The U.S. Navy has formally declassified three now-infamous videos that pilots flying F/A-18 Hornets shot of unidentified flying objects, also referred to as unidentified aerial phenomena (UAP), on separate occasions in 2004 and 2015. One of these videos had been floating around online for years, but all three became national news in 2017 and 2018 as part of reporting surrounding the Pentagon's still very enigmatic efforts to study these and other similar incidents, as well as the activities of the private company To The Stars Academy and its founder, former Blink-182 frontman Tom DeLonge.
The Pentagon announced the official release of the trio of videos, commonly known by their filenames "FLIR," "GO FAST," and "GIMBAL," on Apr. 27, 2020. Naval Air Systems Command posted copies of all three online via their Freedom of Information Act (FOIA) document library. The first video, which first appeared online more than a decade ago, shows an object that has become colloquially referred to as the "Tic Tac." By every indication, all three videos are identical to the ones that have been circulating widely online for years now.
The full Pentagon statement is as follows:
"The Department of Defense has authorized the release of three unclassified Navy videos, one taken in November 2004 and the other two in January 2015, which have been circulating in the public domain after unauthorized releases in 2007 and 2017. The U.S. Navy previously acknowledged that these videos circulating in the public domain were indeed Navy videos. After a thorough review, the department has determined that the authorized release of these unclassified videos does not reveal any sensitive capabilities or systems, and does not impinge on any subsequent investigations of military air space incursions by unidentified aerial phenomena. DOD is releasing the videos in order to clear up any misconceptions by the public on whether or not the footage that has been circulating was real, or whether or not there is more to the videos. The aerial phenomena observed in the videos remain characterized as "unidentified." The released videos can be found at the Naval Air Systems Command FOIA Reading Room: https://www.navair.navy.mil/foia/documents."
The comment about "misconceptions by the public" is a clear reference to a still-developing saga surrounding exactly how the videos first came out to the public and how they found their way into the possession of To The Stars Academy. In September 2019, the Navy confirmed to John Greenewald, a prolific FOIA requester and author who runs TheBlackVault.com, that the videos were authentic, but said that their release had never been authorized. To The Stars Academy claims to this day that the service had already officially declassified the clips. You can read more about this back-and-forth in great depth here and here.

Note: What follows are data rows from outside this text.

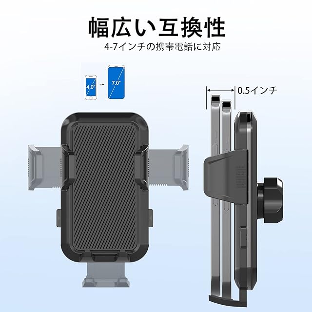 【4~7インチの携帯電話に対応・充電可能ホール付】 4-7インチの携帯電話、スマホに対応できます。Apple iPhone 14 /14 Plus /14 Pro /14 Pro Max /13 /13 Mini /13 Pro /13 Pro Max /12 Pro Max /12 Pro /12 /12 Mini /11 Pro Max /11 Pro /11 / XS Max / XR / X / 8 Plus/ 8 / 7 Plus / 7 /SE 3 /SE 2 または SAMSUNG / Sony / Huawei / Google Pixelなど。これ1台であればどちらのデバイスにも利用できるのでとても便利です。この車載用ホルダーは充電可能ホールが付きます。充電しながらご利用いただけます。
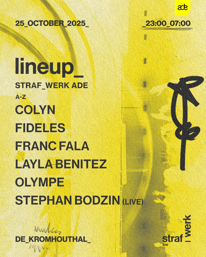 The ADE 2025 program is still being announced! View the already announced ADE Festival events and all participating venues and artists.
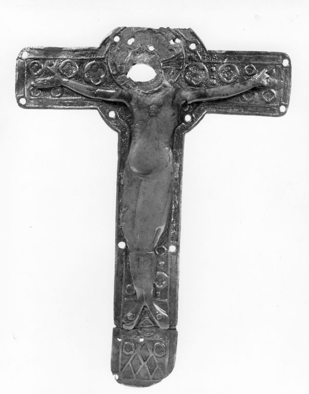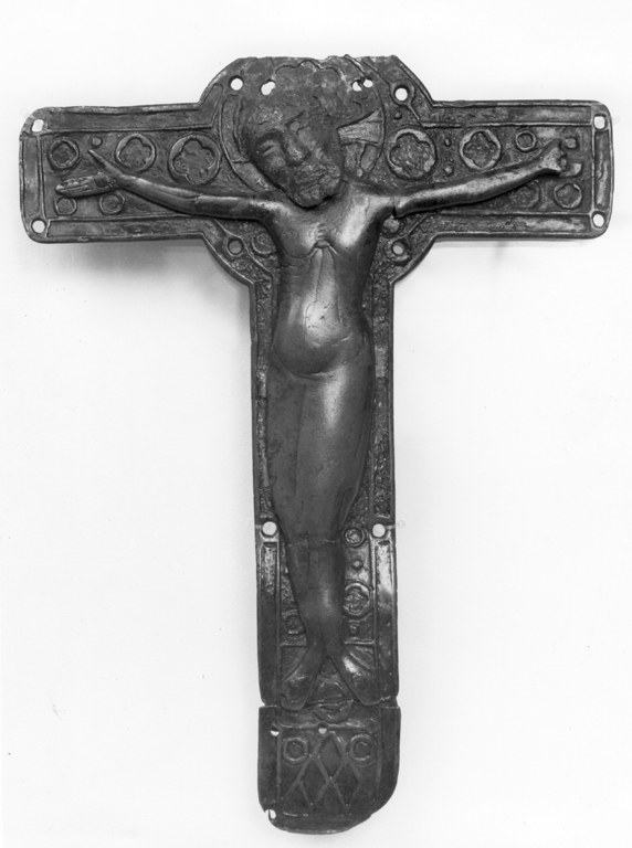 decorato sulla croce con elementi quadrilobati di varie misure ma simili sulla forma, propone la raffigurazione del " Cristo Morto"
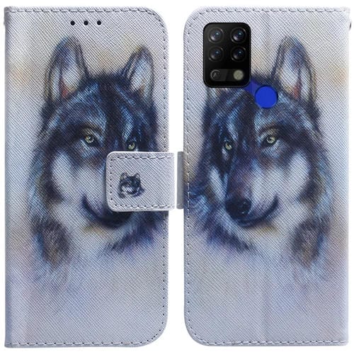 Funda de Cuero para Tecno Pova LD7 con Dibujo Lobo Blanco (Blanco)
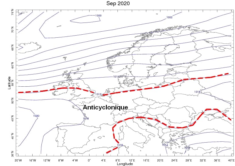 Pressions moyennes sur l'Ouest de l'Europe durant le mois de Septembre 2020 - Via NOAA
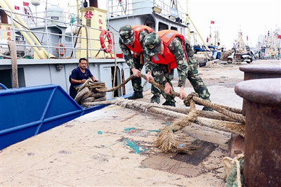 舟山公安边防支队罗家岙边防派出所官兵深入辖区港口、码头、船舶停泊点,帮助渔民转运渔用物资,加固船只,向渔民宣传台风期间船舶停港避风安全事项和防台防汛的应急措施,确保台风期间辖区安全稳定。此外,官兵还加强辖区街面及港口码头巡逻,最大限度保障辖区群众的人身财产安全。
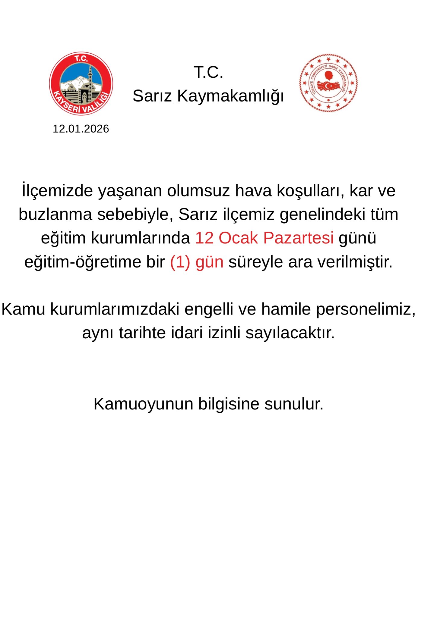 Pınarbaşı ve Sarız Kaymakamlıklarından yapılan yazılı açıklamada, olumsuz hava koşulları ve ulaşımda yaşanabilecek aksaklıklar nedeniyle ilçelerdeki tüm resmi ve özel eğitim kurumlarında eğitime yarın ara verildiği bildirildi. Kamu kurumlarında çalışan engelli ve hamile personelin ise 1 gün izinli sayılacağı açıklandı.
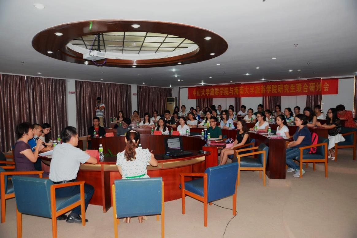9月27日下午,我院研究生到海南大学邵逸夫交流中心第一会议室参加中山大学旅游学院与海南大学旅游学院研究生联合研讨会。大会由海南大学旅游学院孙建军副院长主持,王琳院长致欢迎辞。王琳院长对我院研究生的到来表示感谢与欢迎,并指出此次研讨为两院合作提供了一个新的学术交流平台。
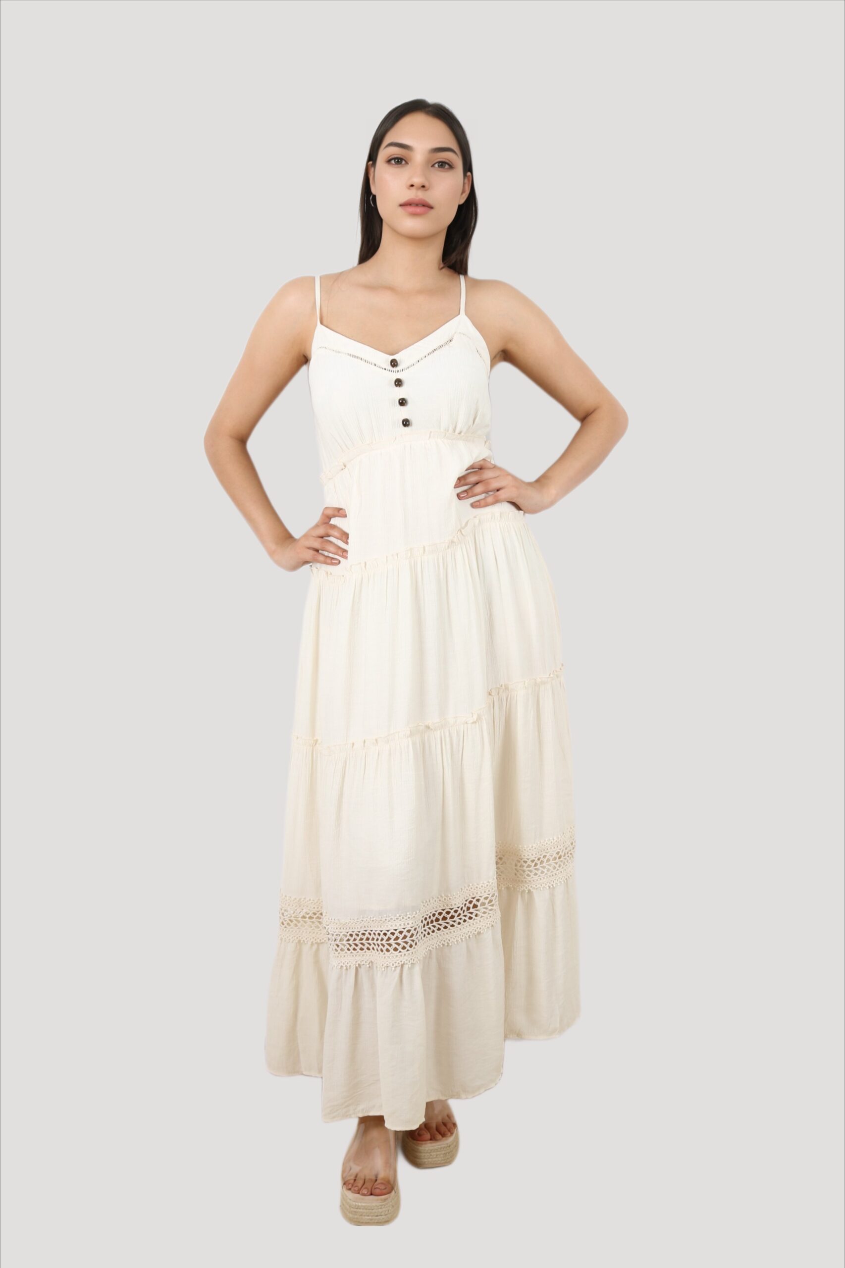 • Robe longue fluide, coupe évasée avec finition plissée pour un tombé élégant et une belle liberté de mouvement.

With regards to "whether or not there is more to the videos," specifically, in January, Vice's Motherboard
had also reported that the Navy still had classified video about various UFO incidents. This was based on the response to a FOIA request, which the story said implied that there was additional footage that had not yet made its way out into the public eye. However, it is very possible that the FOIA response was referring to the fact that the three well-known videos were still classified at the time. The Navy has also confirmed in the past that it has given classified briefings to multiple members of Congress on unidentified aerial phenomena.
Whether or not this release and the Pentagon's statement will actually settle any of these debates or put an end to various speculation regarding the videos or the events they depict remains to be seen. Some members of Congress have expressed frustration about the information they've received behind closed doors and it has often been difficult for the media to get straight answers on even basic points.
The War Zone itself had an especially grueling and ultimately fruitless experience attempting to secure details about the U.S. Air Force's part in any of these or other UFO incidents in recent years and what that service is doing to monitor and investigate these reports. We only obtained some information in the end by way of one of John Greenewald's FOIA requests. You can read more about this bizarre situation here.
It seems very likely that the Navy's official release of these videos, so many years after the fact, is likely to prompt renewed debate and more questions about the events they show and other U.S. military encounters with and activities related to unidentified aerial phenomena.